I am an Irish student looking to move to Hong Kong in September to work on a graduate visa, but I have no idea where or how to look for jobs. I will have a degree in Chinese and Spanish and Translation studies. Can anyone give me advice on how to look for a job? 

Thanks,
Niamh.


----------



## HKG3 (Jan 11, 2015)

niamhw said:


> I am an Irish student looking to move to Hong Kong in September to work on a graduate visa, but I have no idea where or how to look for jobs. I will have a degree in Chinese and Spanish and Translation studies. Can anyone give me advice on how to look for a job?
> 
> Thanks,
> Niamh.


Niamh

I know that you will have a degree in Chinese and Spanish. However, will the Chinese language you learned over the years in university the right 'Chinese' for working and living in Hong Kong?

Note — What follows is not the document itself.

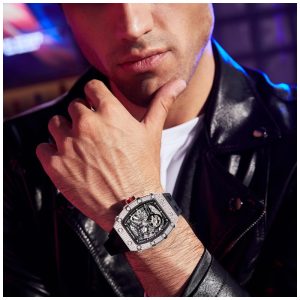 TSAR BOMBA Relógio Masculino Automático Mecânico Skeleton com Mostrador Grande e Cristal de Safira Luminoso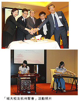 城大的校友網絡發展漸趨成熟,校友聯絡處除了在北京舉辦校友活動,翌日也在杭州舉辦校友活動。郭教授5月19日應邀在浙江大學演講,適逢校友聯絡處前一日即5月18日也在杭州舉行了「城大校友杭州聚會」。宴會開始前,浙江大學學生以古箏及揚琴奏出「瑤族舞曲」,為活動揭開序幕。郭教授在席間為來賓介紹大學近期的發展及佳績,並與大家一同慶賀大學建校30周年。王教授鼓勵校友回到校園參加2014年11月30日由校友聯絡處舉辦的「樂聚城大校友日」,同日也是城大30周年的閉幕典禮。出席晚宴的大學代表還有副校長(學生事務)葉豪盛教授、協理副校長(校友聯絡)陳燕玲女士、協理副校長(內地及對外事務)程星博士等。

The people in Hong Kong use the spoken Cantonese language and traditional Chinese characters, while many Chinese department in western universities teaches spoken Mandarin Chinese and simplified Chinese characters - which are in use in mainland China.


----------



## hongsing85 (Apr 15, 2016)

hi Niamh, welcome to Hong Kong. Regarding your job seeking, I suggest you to check with the language schools here to see if they can help. 
Kind regards
Kevin


----------



## brownindian (Feb 15, 2011)

If you are interested in doing a MPhil or further studies or look at job vacancies in specific departments, you can approach the Universities here.Hope it helps.


----------



## Kim3kids (May 20, 2016)

I have a friend who created his translation company in HK and his wife is teaching french. Perhaps you can try teaching or translating?


----------